Given information: Begin
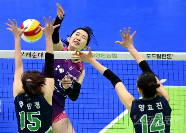 19일 경기도 수원체육관에서 ‘2021-2022 도드람 V리그’ 수원 현대건설과 인천 흥국생명의 여자부 경기가 열렸다. 흥국생명 김미연이 현대건설 블로커를 피해 스파이크를 날리고 있다. 수원 | 김민성 기자 marineboy@donga.com
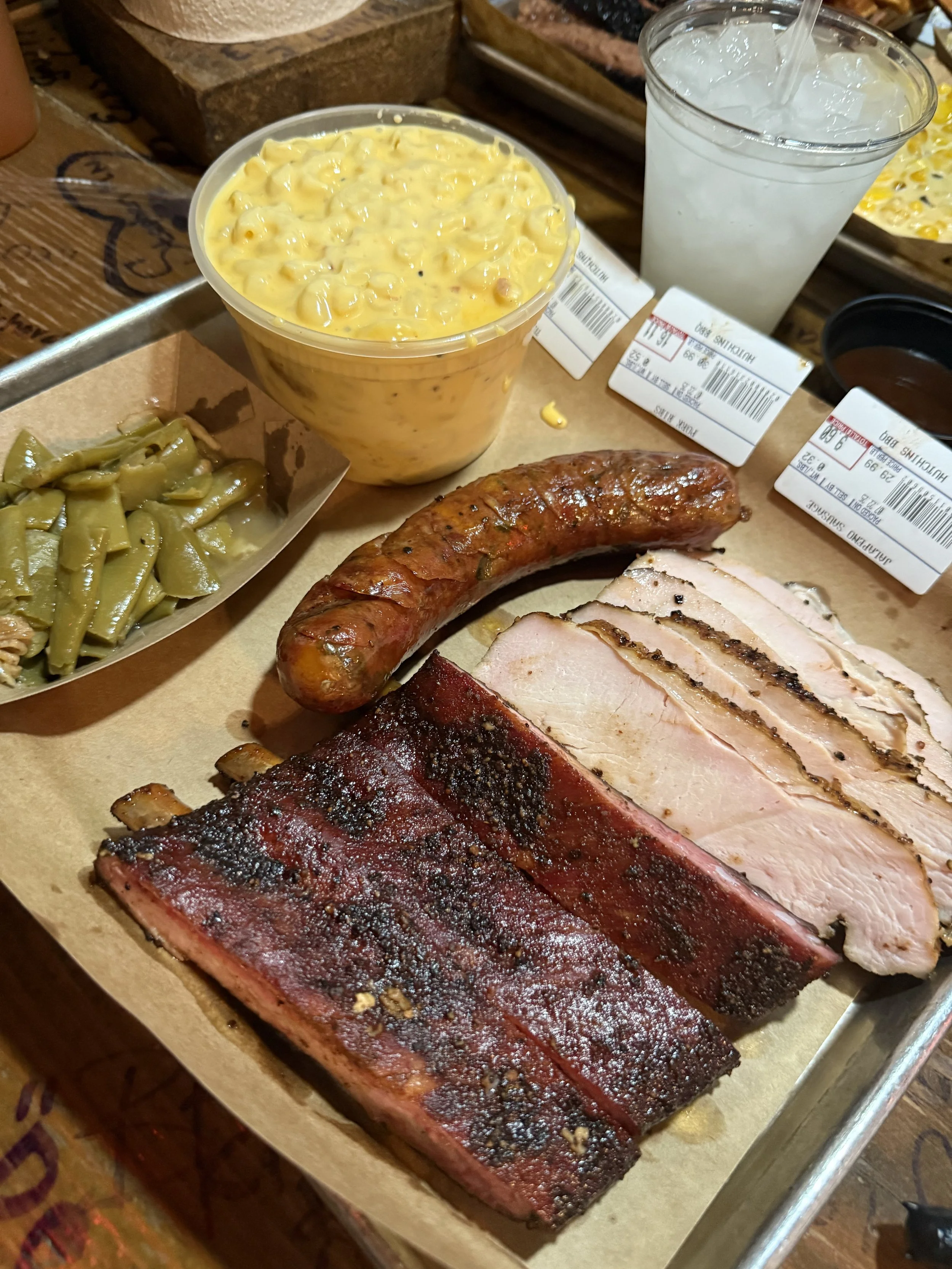 That first bite is a distant memory because I immediately starting asking for ½ pounds of everything. My wife quickly reeled me in and we settled on a ½ rack of pork ribs, ¼ pound of turkey, ¼ pound of brisket and one jalapeno cheddar sausage. He expertly carved up our order and placed it on a tray with weight tags. We slide down the line like the first day of 9th grade and stopped at the sides. Everything is self serve, you pick your container size and fill it up! My wife is Pescatarian so she was really excited for the sides! I got macaroni and cheese and green beans, but I noticed the green beans had meat in it, I mentioned it and she asked an employee if everything had meat in it, he replied “ Baby we in Texas, everything got meat in it! Even the Mac and Cheese!” which while it was hilarious, she was VERY disappointed that she couldn’t get mac and cheese, but she settled on fried Okra, corn, and a baked potato.
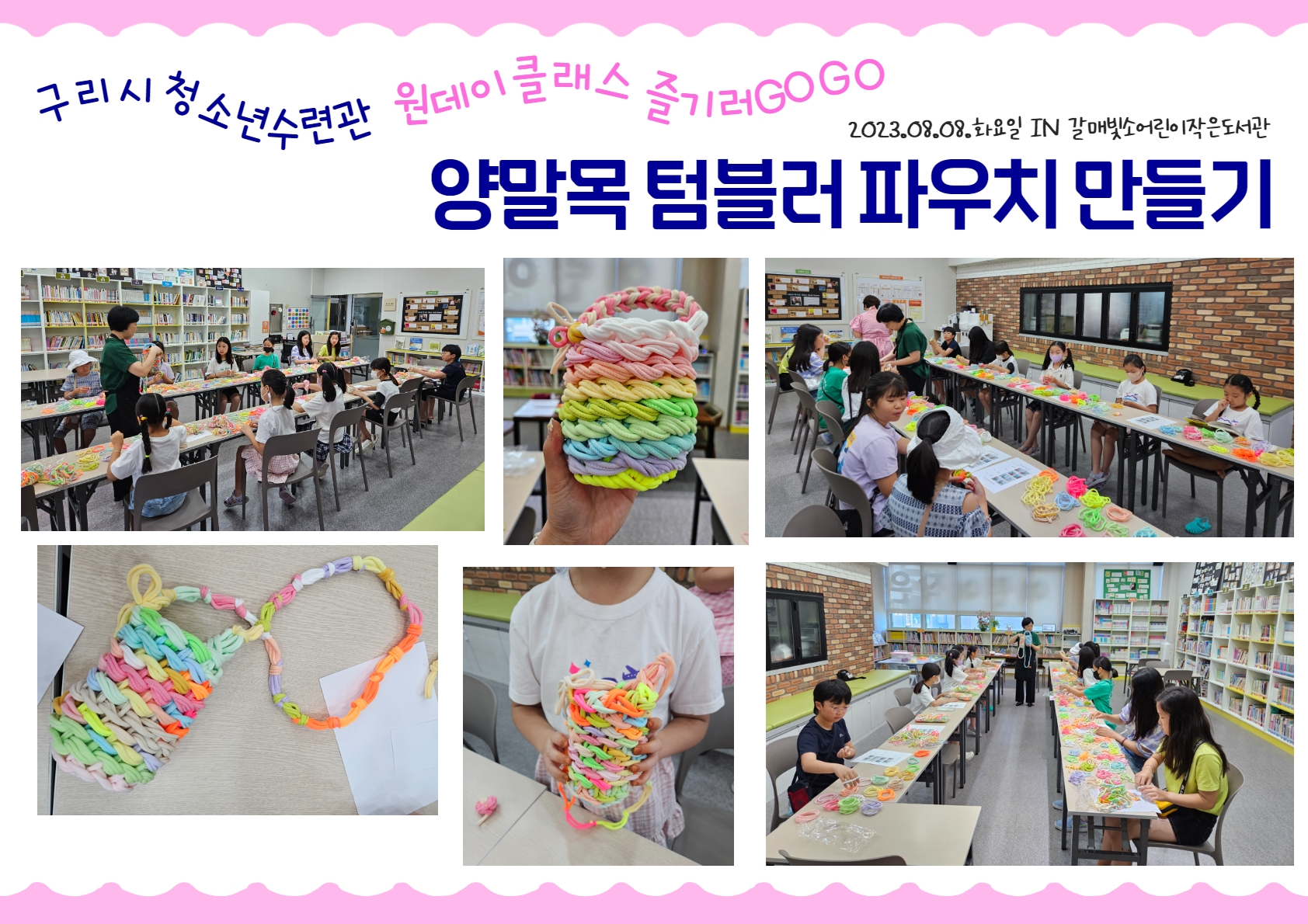 찾아가는청소년수련관 원데이클래스-양말목 텀블러 파우치 만들기(23.08.08) 작성자 김윤지 등록일자 2023년 8월 21일 17시 40분 29초 조회 317 갈매_230808.jpg [ Size : 1.16MB , Down : 152 ] 미리보기 다운로드 목록보기
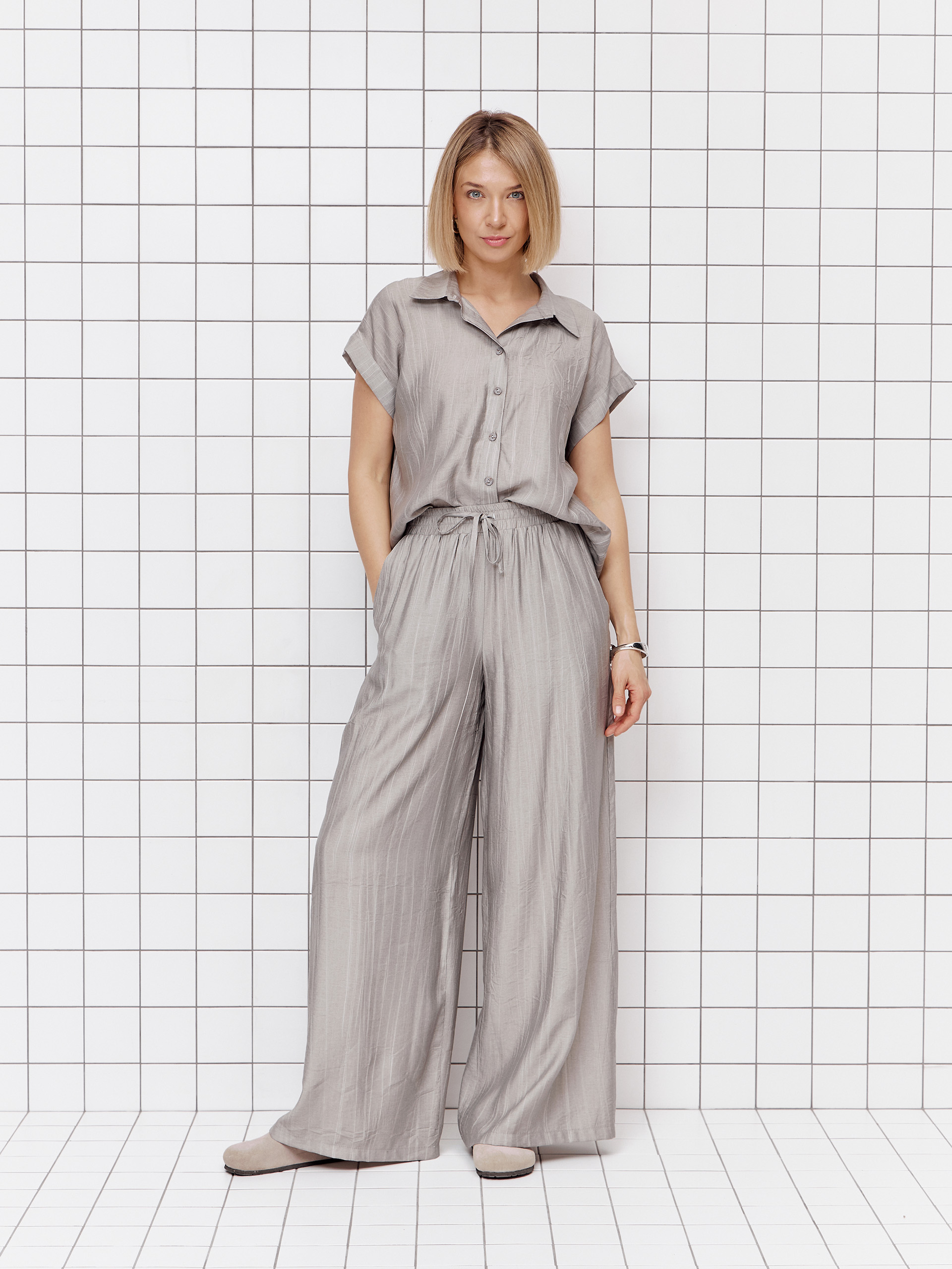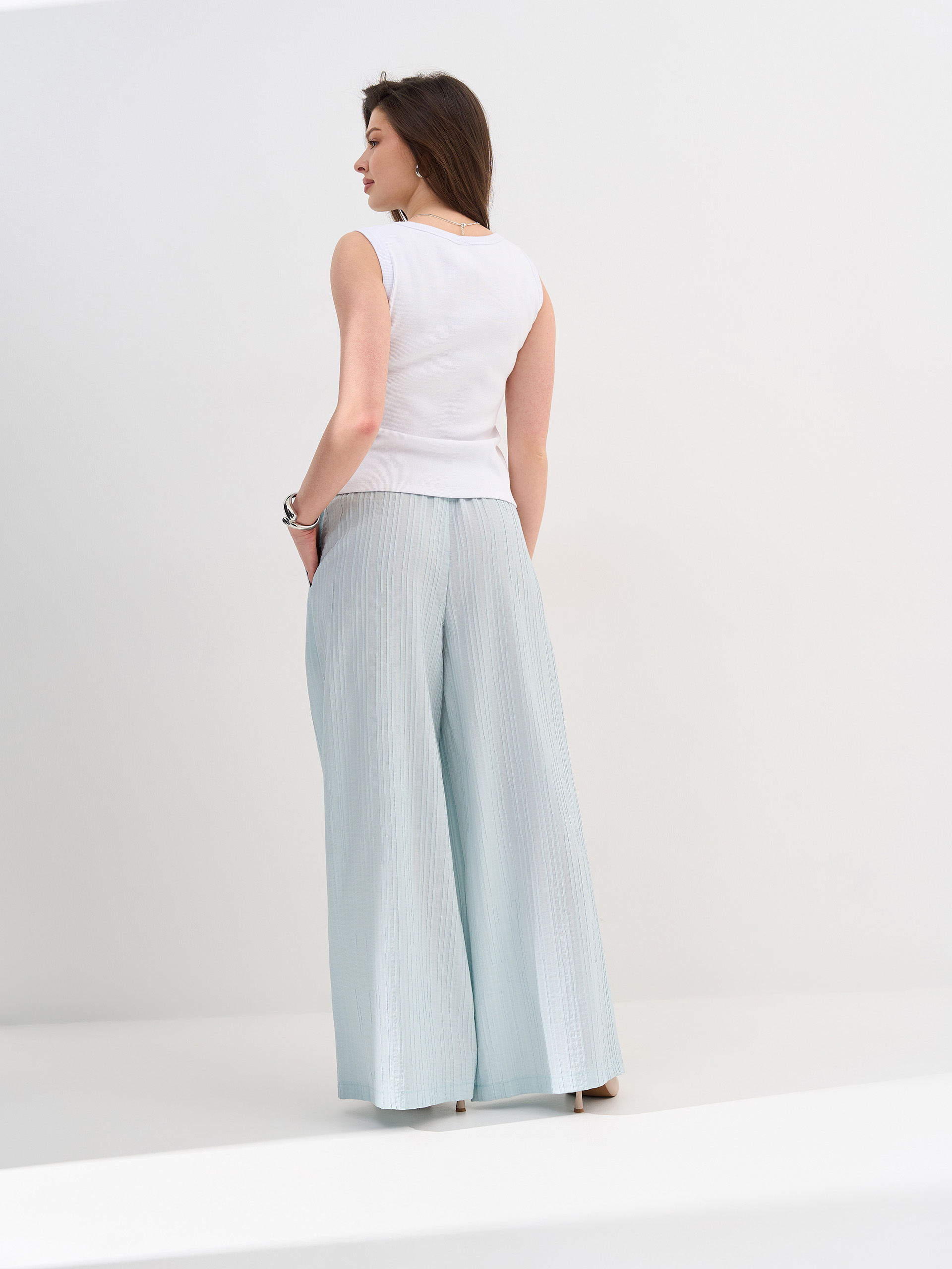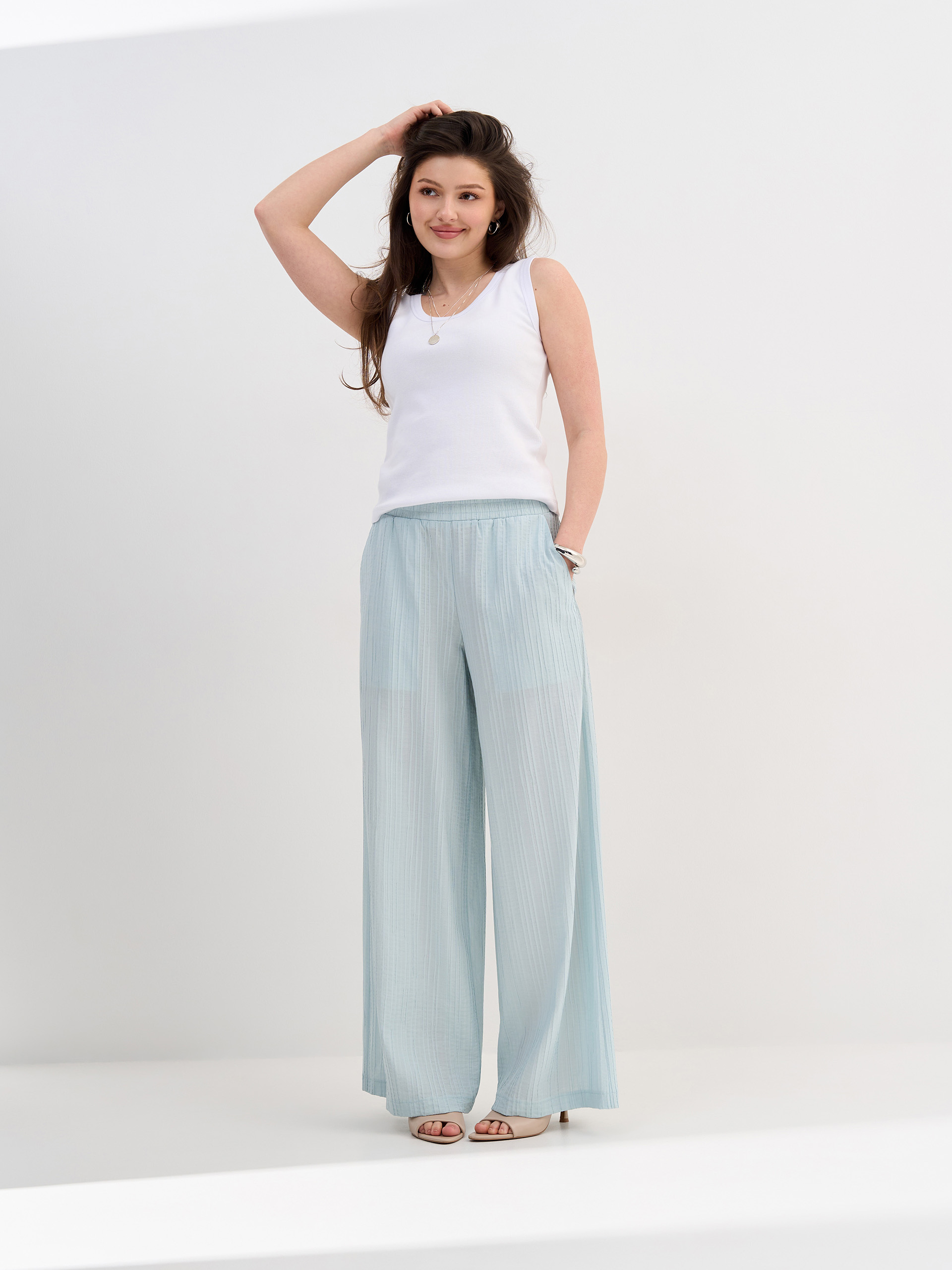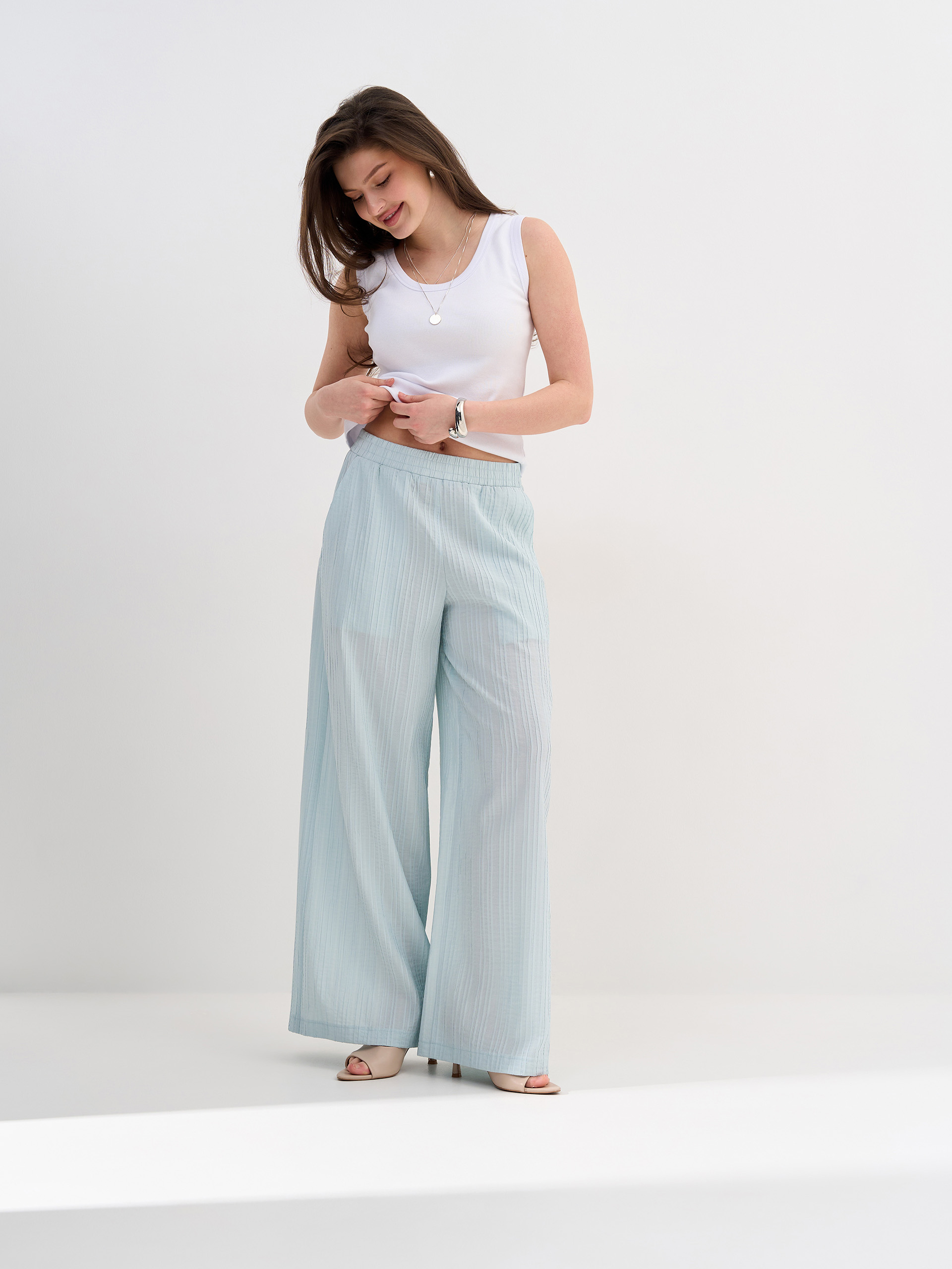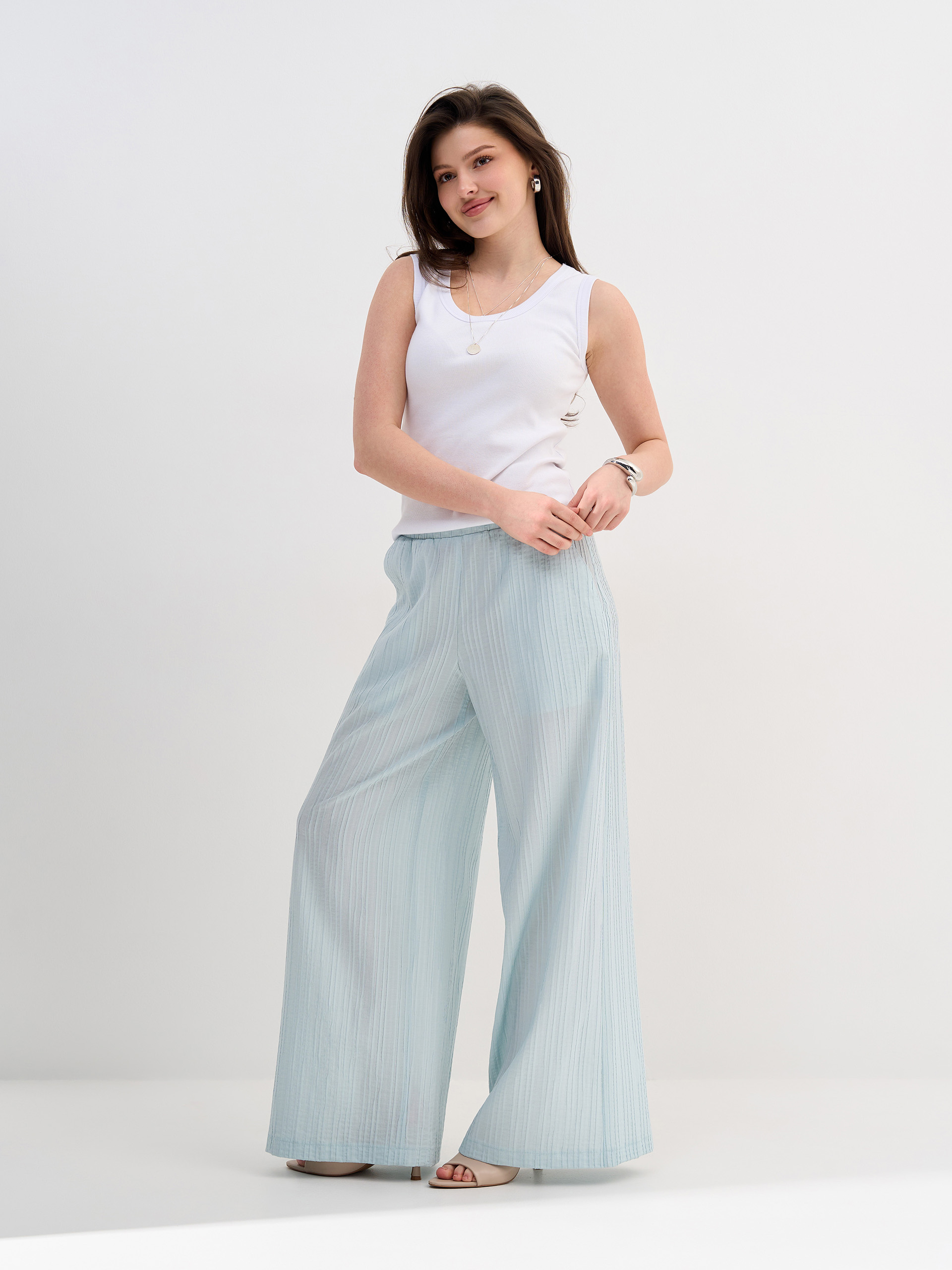 Брюки-палаццо, резинка в поясе, из фактурной вискозной ткани.
Given information: End
Nothing but the lines from the line with "찾아가는청소년수련관 원데이클래스-양말목 텀블러" through the last line of the listing above should be repeated, and pictures should be left out.

 찾아가는청소년수련관 원데이클래스-양말목 텀블러 파우치 만들기(23.08.08) 작성자 김윤지 등록일자 2023년 8월 21일 17시 40분 29초 조회 317 갈매_230808.jpg [ Size : 1.16MB , Down : 152 ] 미리보기 다운로드 목록보기
 Брюки-палаццо, резинка в поясе, из фактурной вискозной ткани.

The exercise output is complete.